To do:
The lines from the one containing "blonde hair and" through the final line of the listing below are what the answer must repeat, exactly and only, leaving pictures out.

Exercise material:
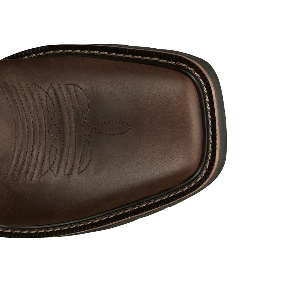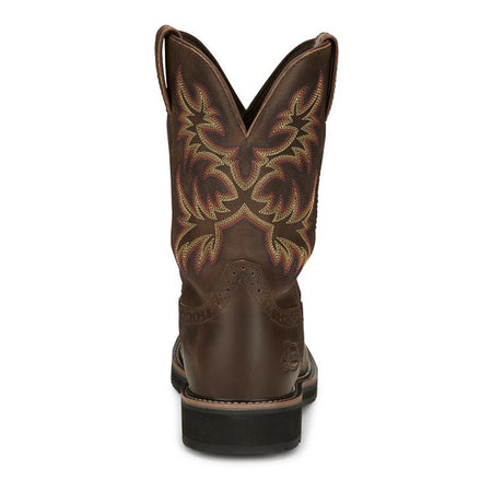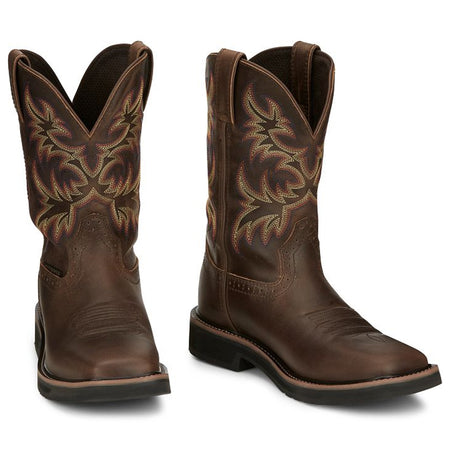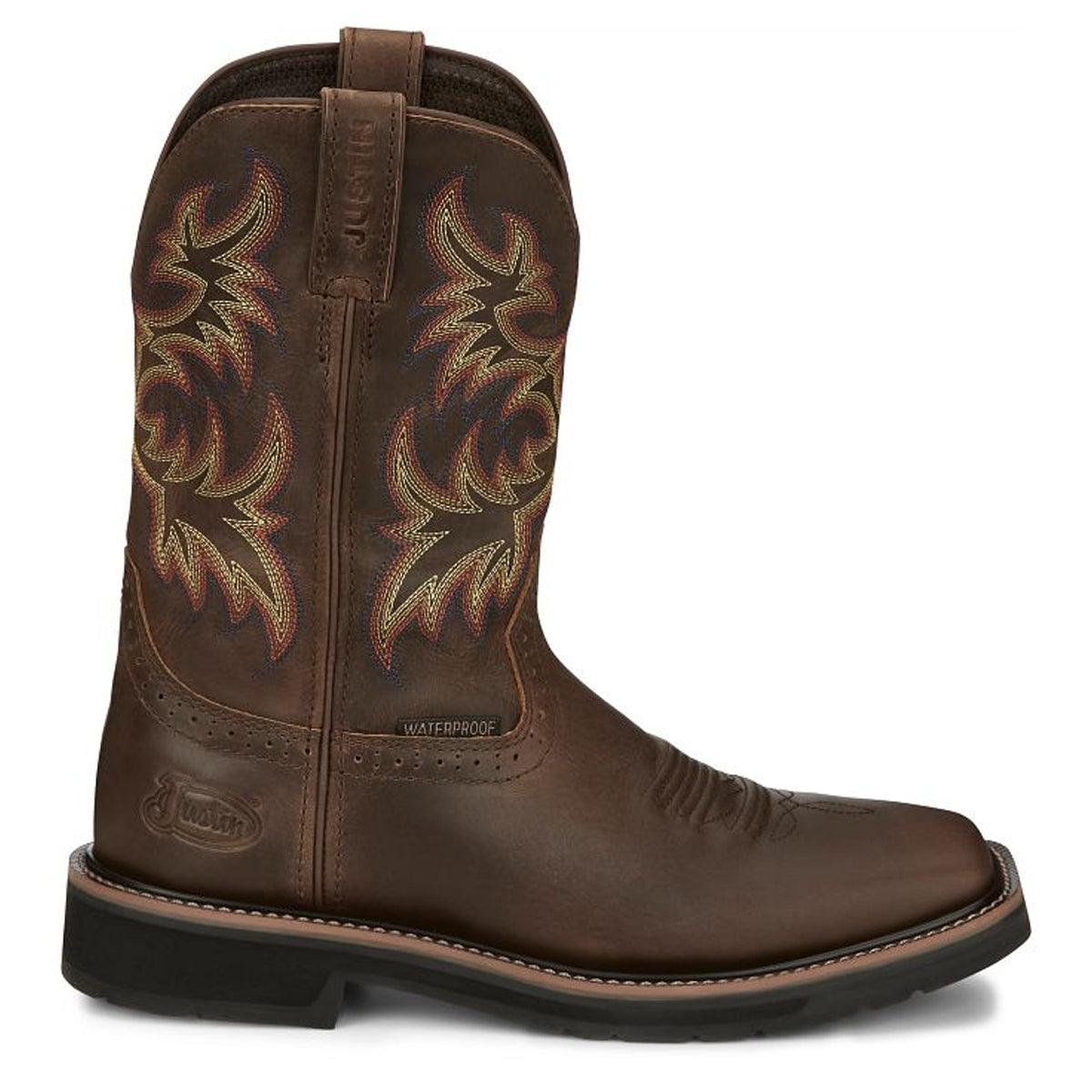 Its built for durability and comfort in even the roughest work conditions with a distressed golden brown leather exterior that is also waterproof for added protection against the outdoor elements. The yellow, orange, blue stitch pattern along the upper give this boot a retro feel and its square toe provides a relaxed fit. The J-Flex Flexible Comfort System insole cushions and supports the foot and the Stampede™ rubber and EVA combination outsole guarantees resistance to abrasion, chips, slipping, and marking allowing you to comfortably work on any surface.
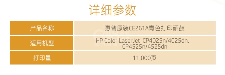 “HP/惠普”648A CE261A 打印硒鼓 单个装(青色原装适用LaserJet CP4025/CP4525)
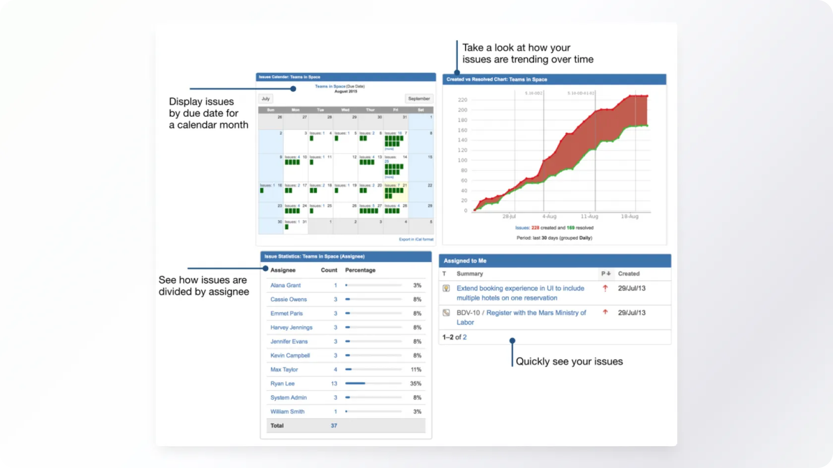 Jira dashboard is a great way to display statistics and overview across project(s) based on desired criteria.
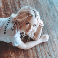 blonde hair and is wearing what appears to be a white top with text on it, although the full text is not visible in the provided crop of the image. The setting looks like
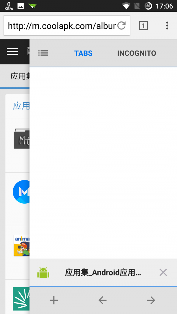 3、有三种标签页的风格,侧滑、底部和卡片,普通标签和隐身标签在同一个activity。
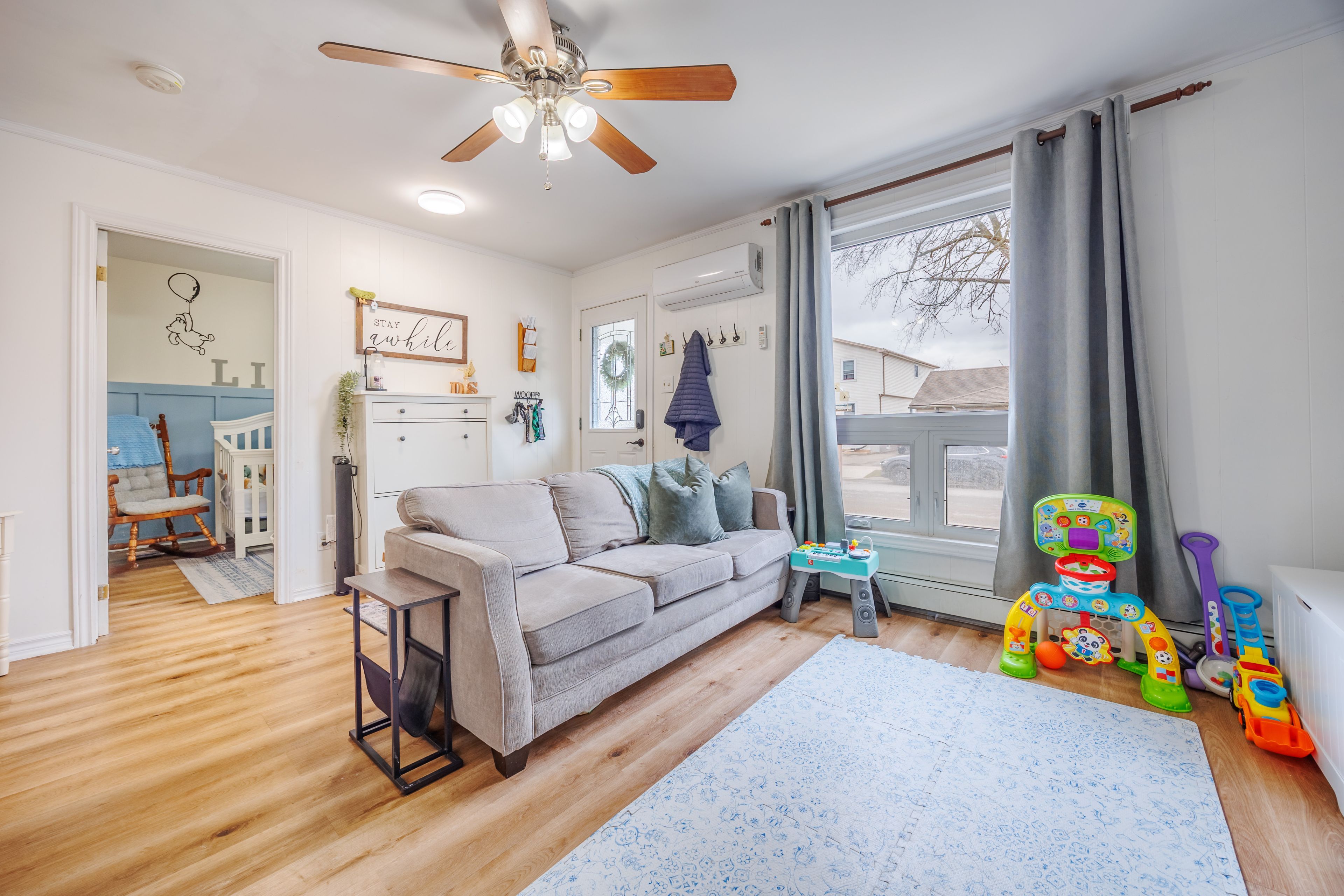 • Bright, open-concept living area with new flooring for a fresh feel.

Response box:
 blonde hair and is wearing what appears to be a white top with text on it, although the full text is not visible in the provided crop of the image. The setting looks like
 3、有三种标签页的风格,侧滑、底部和卡片,普通标签和隐身标签在同一个activity。
 • Bright, open-concept living area with new flooring for a fresh feel.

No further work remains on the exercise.